Было бы несправедливо внушить моим читателям мысль, что только маскулинность была нашим высшим идеалом для женщины. Отнюдь нет! От них требовались таланты и более мягкие жизненные грации. Музыка, танцы и литература не были забыты. Некоторые из лучших стихов в нашей литературе были выражением женских чувств; на самом деле женщины играли важную роль в истории японской изящной словесности. Танцам обучали (я говорю о самурайских девушках, а не о гейшах) только для того, чтобы сгладить угловатость их движений. Музыка предназначалась для того, чтобы скрасить утомительные часы их отцов и мужей; поэтому музыке учились не ради техники, искусства как такового; ибо конечной целью было очищение сердца, поскольку говорили, что никакой гармонии звуков невозможно достичь без того, чтобы сердце исполнителя не было в гармонии с самим собой. Здесь мы снова видим ту же идею, которую мы замечаем в обучении молодежи — что таланты всегда оставались подчиненными моральным достоинствам. Ровно столько музыки и танцев, чтобы добавить грации и яркости жизни, но никогда — чтобы поощрять тщеславие и расточительность. Я сочувствую персидскому принцу, который, будучи приглашенным на бал в Лондоне и попрошенным принять участие в веселье, прямо заметил, что в его стране для такого рода занятий предоставляют специальный набор девушек.

Таланты наших женщин не приобретались для демонстрации или социального возвышения. Они были домашним развлечением; и если они блистали на светских вечерах, то как атрибуты хозяйки — иными словами, как часть домашнего устройства для гостеприимства. Домоседство направляло их образование. Можно сказать, что таланты женщин Старой Японии, будь то воинственного или мирного характера, предназначались главным образом для дома; и как бы далеко они ни странствовали, они никогда не упускали из виду очаг как центр. Именно ради сохранения его чести и целостности они трудились, работали и отдавали свои жизни. День и ночь, тонами одновременно твердыми и нежными, храбрыми и жалобными, они пели своим маленьким гнездам. Как дочь, женщина жертвовала собой ради отца, как жена — ради мужа, а как мать — ради сына. Так с ранней юности ее учили отказывать себе. Ее жизнь была не жизнью независимости, а зависимого служения. Помощница мужа, если ее присутствие полезно, она остается на сцене вместе с ним: если оно мешает его работе, она удаляется за занавес. Нередко случается, что юноша влюбляется в девушку, которая отвечает на его любовь с равным пылом, но, осознав, что ее интерес к ней заставляет его забыть о своих обязанностях, она обезображивает себя, чтобы ее привлекательность исчезла. Адзума, идеальная жена в представлении самурайских девушек, обнаруживает, что ее любит человек, который, чтобы завоевать ее привязанность, замышляет заговор против ее мужа. Под предлогом участия в преступном заговоре она умудряется в темноте занять место своего мужа, и меч влюбленного убийцы опускается на ее собственную преданную голову.
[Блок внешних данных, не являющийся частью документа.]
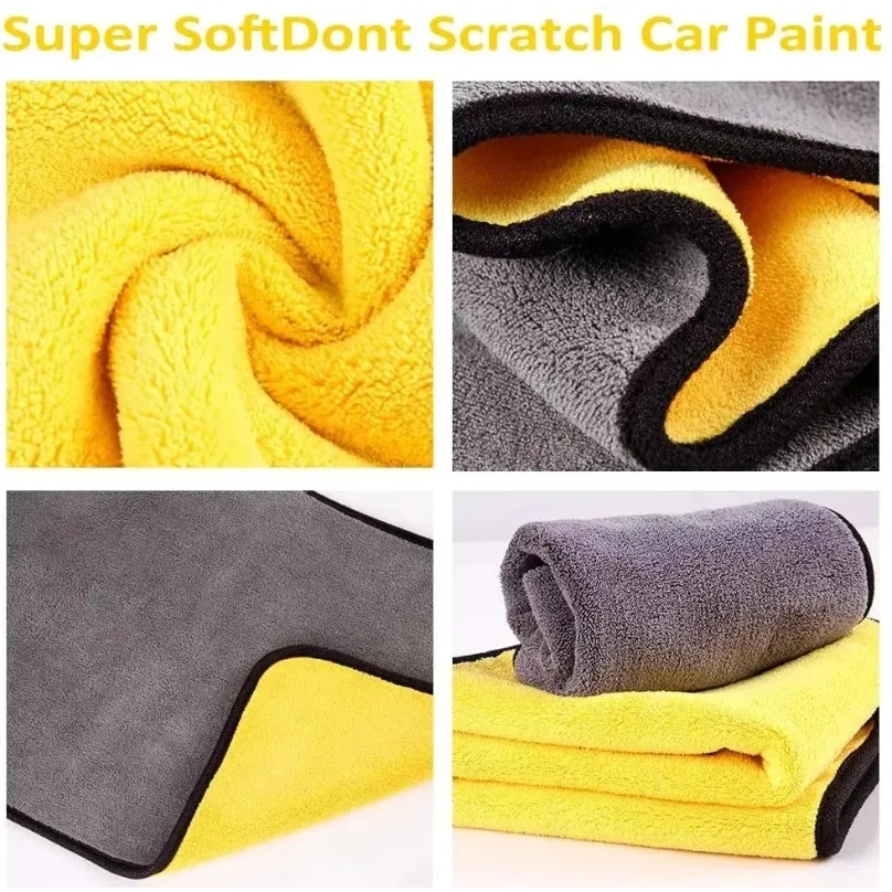 รถไมโครไฟเบอร์ซักผ้าผ้าขนหนูสองชั้นข้นรถทําความสะอาดบ้านเช็ดเศษผ้านุ่มอบแห้งผ้าผ้าขนหนู30/40/60เซนติเมตร

Следующее послание, написанное женой молодого даймё перед тем, как она лишила себя жизни, не нуждается в комментариях: «Часто я слышала, что никакой случай или удача никогда не нарушают ход событий здесь, внизу, и что все движется в соответствии с планом. Укрыться под общей ветвью или испить из одной реки — все предопределено с времен, предшествующих нашему рождению. С тех пор как мы соединились узами вечного брака, теперь уже два коротких года назад, мое сердце следовало за тобой, подобно тому как тень следует за объектом, неразрывно связанное сердце с сердцем, любя и будучи любимым. Узнав, однако, недавно, что грядущая битва станет последней для твоего труда и жизни, прими прощальное приветствие твоей любящей спутницы. Я слышала, что Ко-у, могучий воин древнего Китая, проиграл битву, не желая расставаться со своей любимой Гу. Ёсинака тоже, каким бы храбрым он ни был, принес бедствие своему делу, будучи слишком слабым, чтобы вовремя попрощаться с женой. Почему я, для которой земля больше не предлагает надежды или радости, — почему я должна задерживать тебя или твои мысли своей жизнью? Почему бы мне, скорее, не ждать тебя на дороге, по которой все смертные должны когда-то пройти? Никогда, умоляю, никогда не забывай о многих благодеяниях, которыми наш добрый господин Хидэёри осыпал тебя. Благодарность, которую мы ему должны, так же глубока, как море, и так же высока, как холмы».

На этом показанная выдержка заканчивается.